§ **Prompt**: Only the lines below from the one with "stone lake shore, cold" through the one with "Gloss up your" are to be written out, exactly and without any images.

§ **Material to process**:

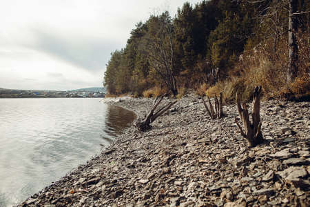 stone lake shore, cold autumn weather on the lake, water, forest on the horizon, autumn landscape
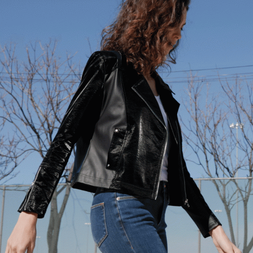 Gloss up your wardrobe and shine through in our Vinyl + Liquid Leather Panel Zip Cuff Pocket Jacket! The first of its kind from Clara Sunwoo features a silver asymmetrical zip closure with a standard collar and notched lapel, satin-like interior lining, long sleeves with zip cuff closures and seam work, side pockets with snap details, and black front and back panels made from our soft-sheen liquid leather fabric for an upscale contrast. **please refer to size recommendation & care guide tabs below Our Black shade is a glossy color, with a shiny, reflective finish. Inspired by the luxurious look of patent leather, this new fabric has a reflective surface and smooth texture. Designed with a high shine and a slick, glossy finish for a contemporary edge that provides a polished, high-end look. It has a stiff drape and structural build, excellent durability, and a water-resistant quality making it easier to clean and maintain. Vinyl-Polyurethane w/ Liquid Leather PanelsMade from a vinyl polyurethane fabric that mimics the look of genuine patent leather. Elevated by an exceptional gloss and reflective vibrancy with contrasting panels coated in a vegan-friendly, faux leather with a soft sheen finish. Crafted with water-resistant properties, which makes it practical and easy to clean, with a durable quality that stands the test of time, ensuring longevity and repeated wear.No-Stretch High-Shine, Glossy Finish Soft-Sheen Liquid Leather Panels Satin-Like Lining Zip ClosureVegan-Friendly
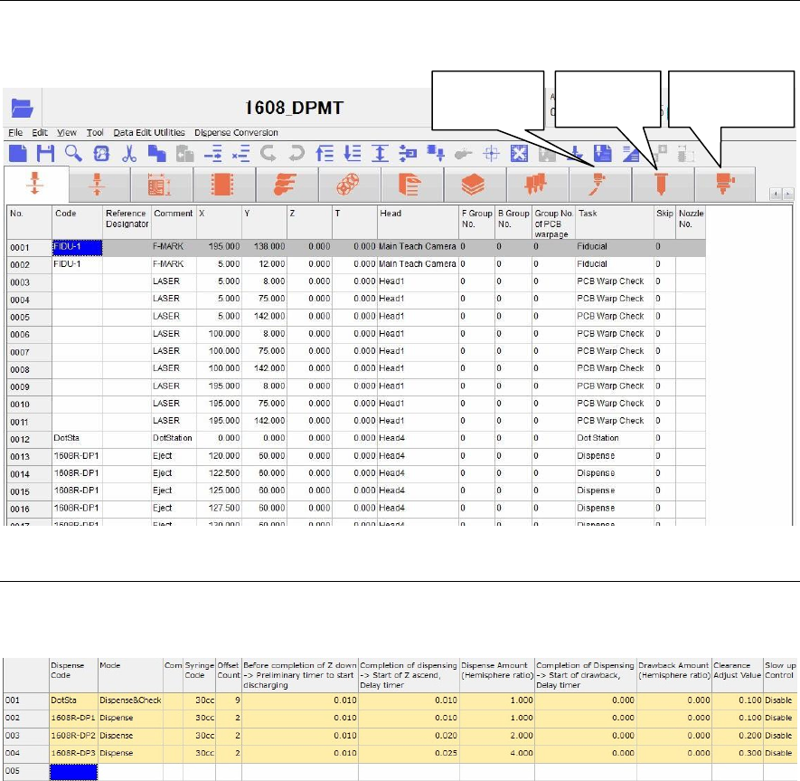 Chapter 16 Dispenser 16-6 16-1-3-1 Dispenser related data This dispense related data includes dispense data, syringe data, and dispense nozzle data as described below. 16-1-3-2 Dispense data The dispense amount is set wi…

==

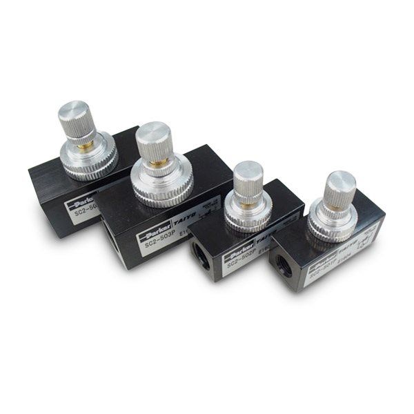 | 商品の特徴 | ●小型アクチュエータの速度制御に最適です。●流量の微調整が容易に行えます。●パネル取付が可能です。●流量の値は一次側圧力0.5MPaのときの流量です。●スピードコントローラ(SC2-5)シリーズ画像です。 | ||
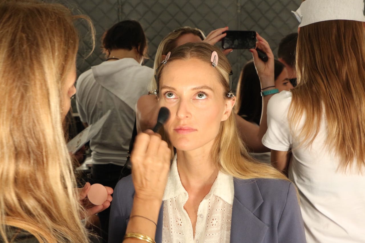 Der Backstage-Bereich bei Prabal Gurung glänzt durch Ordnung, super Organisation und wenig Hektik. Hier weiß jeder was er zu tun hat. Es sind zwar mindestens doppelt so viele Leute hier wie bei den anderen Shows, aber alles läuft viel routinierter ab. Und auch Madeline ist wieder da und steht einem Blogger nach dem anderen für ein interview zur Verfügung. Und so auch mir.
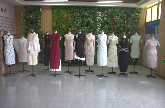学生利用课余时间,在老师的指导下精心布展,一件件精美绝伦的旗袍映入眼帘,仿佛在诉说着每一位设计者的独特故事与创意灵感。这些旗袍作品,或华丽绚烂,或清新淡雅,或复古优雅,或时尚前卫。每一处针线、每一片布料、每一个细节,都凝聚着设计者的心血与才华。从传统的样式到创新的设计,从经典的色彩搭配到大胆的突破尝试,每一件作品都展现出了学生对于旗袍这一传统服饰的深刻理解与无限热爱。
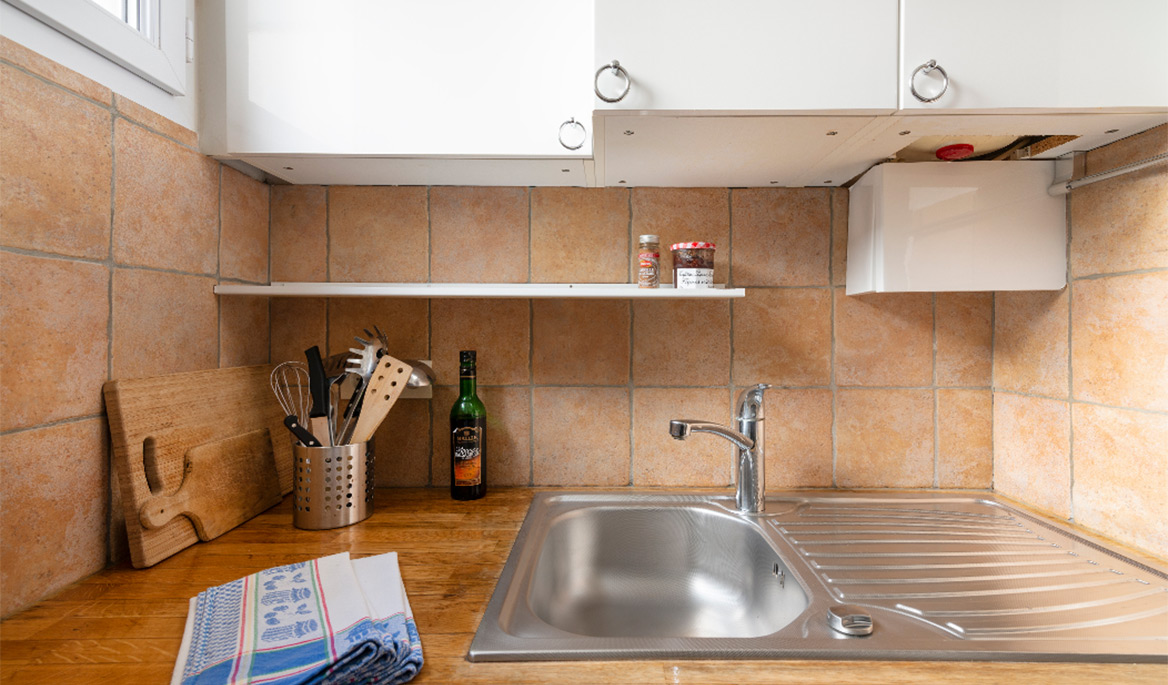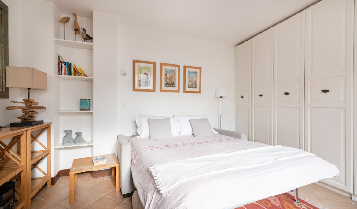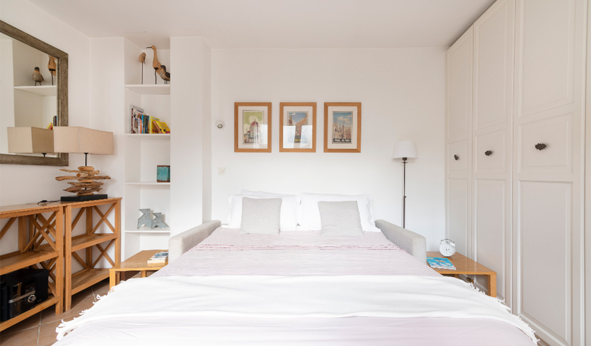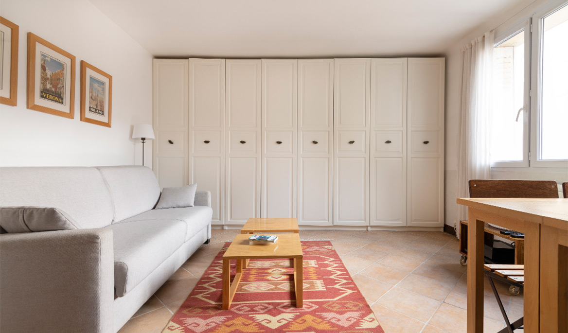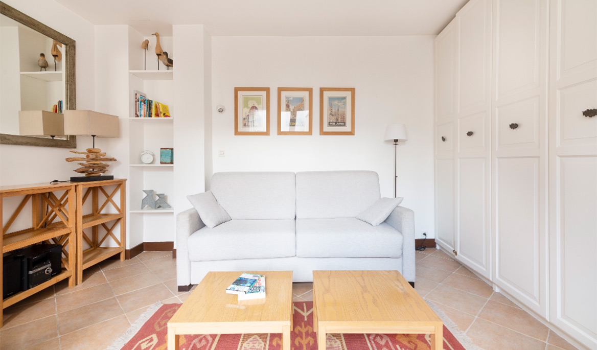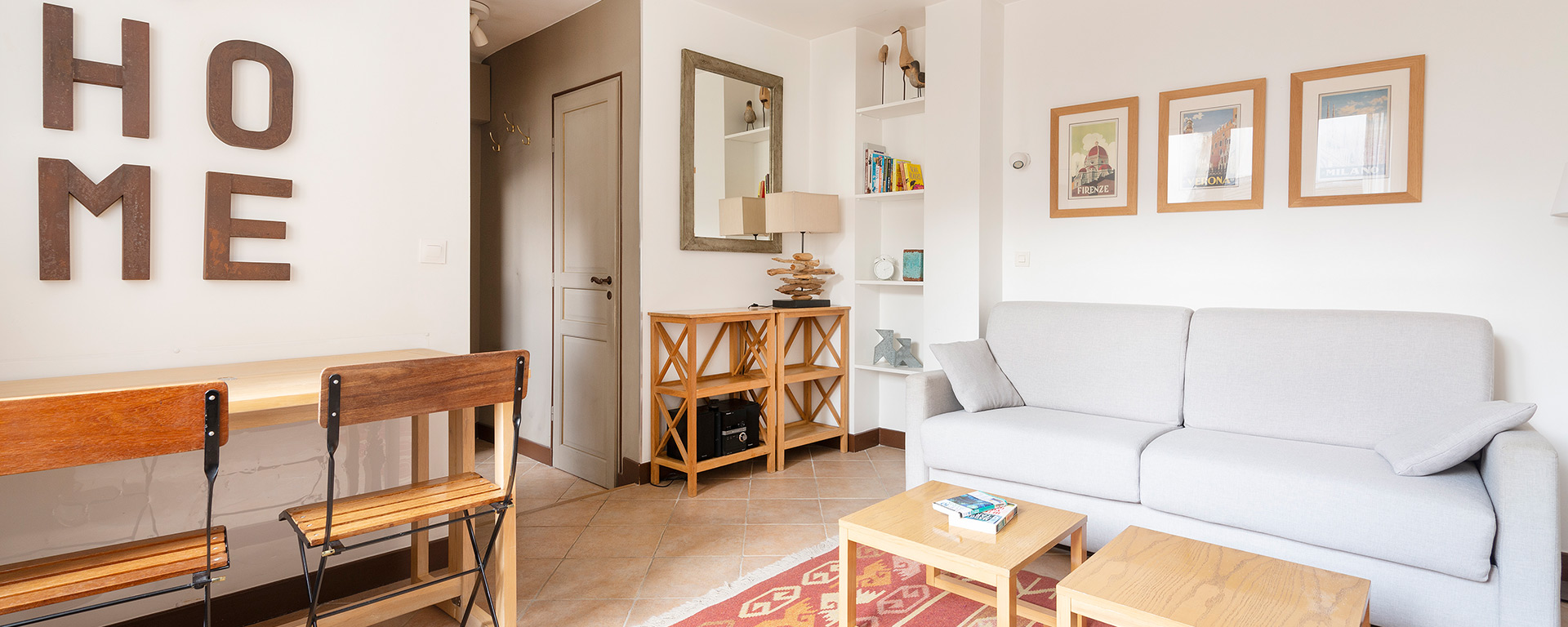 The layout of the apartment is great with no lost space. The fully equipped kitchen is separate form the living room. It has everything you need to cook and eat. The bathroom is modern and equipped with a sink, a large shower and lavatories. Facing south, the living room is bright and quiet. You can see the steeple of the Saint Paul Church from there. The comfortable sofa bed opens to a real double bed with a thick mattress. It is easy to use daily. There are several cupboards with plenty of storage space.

* * *

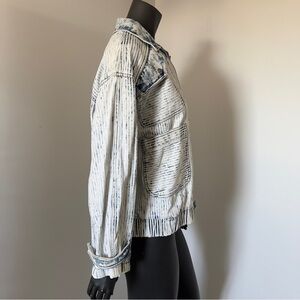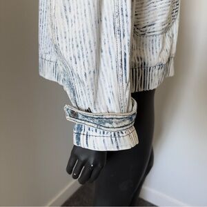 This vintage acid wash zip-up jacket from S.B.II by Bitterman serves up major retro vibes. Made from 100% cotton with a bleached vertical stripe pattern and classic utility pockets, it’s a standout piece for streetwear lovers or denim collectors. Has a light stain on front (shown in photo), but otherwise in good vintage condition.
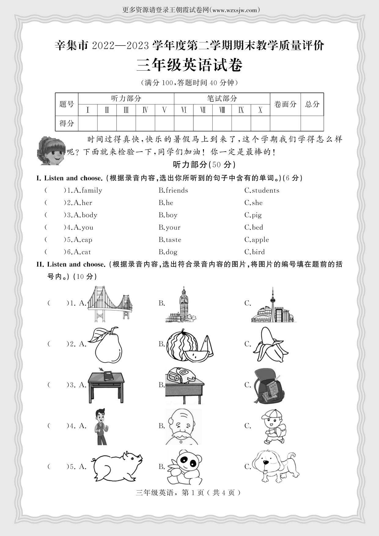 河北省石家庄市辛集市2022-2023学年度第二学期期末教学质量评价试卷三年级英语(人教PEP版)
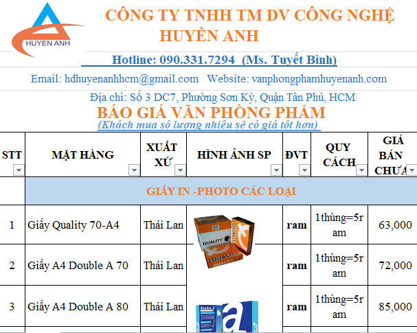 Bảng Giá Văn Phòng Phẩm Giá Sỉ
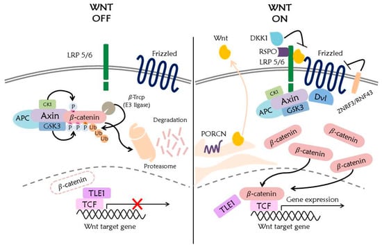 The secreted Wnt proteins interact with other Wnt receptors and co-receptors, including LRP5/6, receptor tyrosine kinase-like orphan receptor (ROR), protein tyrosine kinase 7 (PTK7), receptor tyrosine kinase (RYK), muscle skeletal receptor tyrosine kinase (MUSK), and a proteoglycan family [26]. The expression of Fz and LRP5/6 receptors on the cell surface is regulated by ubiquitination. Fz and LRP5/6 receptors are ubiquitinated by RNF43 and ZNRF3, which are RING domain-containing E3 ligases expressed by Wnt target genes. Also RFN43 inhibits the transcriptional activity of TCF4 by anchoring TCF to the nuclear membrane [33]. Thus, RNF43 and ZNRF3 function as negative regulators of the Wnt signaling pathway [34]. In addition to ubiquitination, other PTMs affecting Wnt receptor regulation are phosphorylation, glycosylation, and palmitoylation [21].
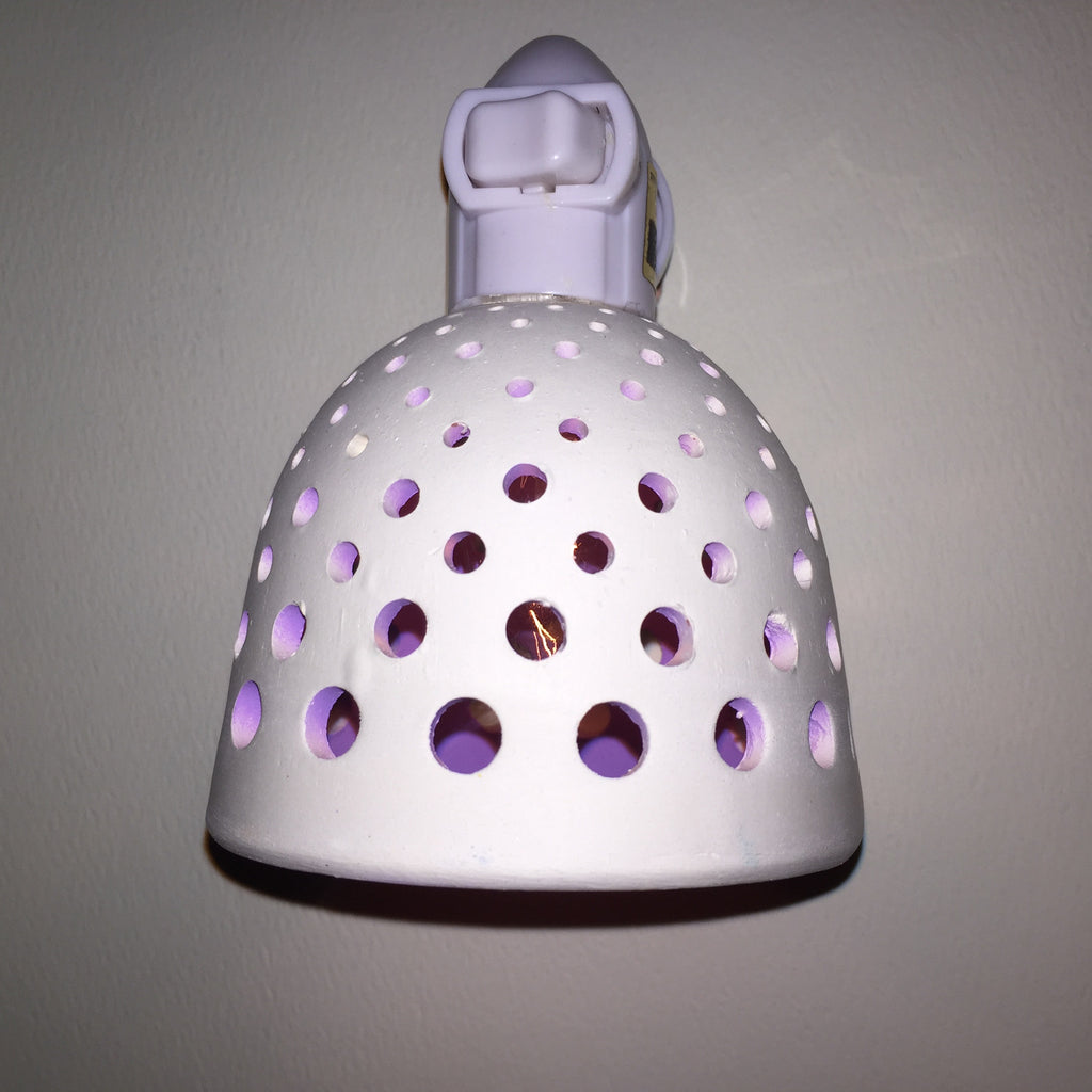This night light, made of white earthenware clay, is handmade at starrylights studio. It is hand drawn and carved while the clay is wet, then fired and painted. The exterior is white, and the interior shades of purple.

§ **Answer for the task**:
 stone lake shore, cold autumn weather on the lake, water, forest on the horizon, autumn landscape
 Gloss up your wardrobe and shine through in our Vinyl + Liquid Leather Panel Zip Cuff Pocket Jacket! The first of its kind from Clara Sunwoo features a silver asymmetrical zip closure with a standard collar and notched lapel, satin-like interior lining, long sleeves with zip cuff closures and seam work, side pockets with snap details, and black front and back panels made from our soft-sheen liquid leather fabric for an upscale contrast. **please refer to size recommendation & care guide tabs below Our Black shade is a glossy color, with a shiny, reflective finish. Inspired by the luxurious look of patent leather, this new fabric has a reflective surface and smooth texture. Designed with a high shine and a slick, glossy finish for a contemporary edge that provides a polished, high-end look. It has a stiff drape and structural build, excellent durability, and a water-resistant quality making it easier to clean and maintain. Vinyl-Polyurethane w/ Liquid Leather PanelsMade from a vinyl polyurethane fabric that mimics the look of genuine patent leather. Elevated by an exceptional gloss and reflective vibrancy with contrasting panels coated in a vegan-friendly, faux leather with a soft sheen finish. Crafted with water-resistant properties, which makes it practical and easy to clean, with a durable quality that stands the test of time, ensuring longevity and repeated wear.No-Stretch High-Shine, Glossy Finish Soft-Sheen Liquid Leather Panels Satin-Like Lining Zip ClosureVegan-Friendly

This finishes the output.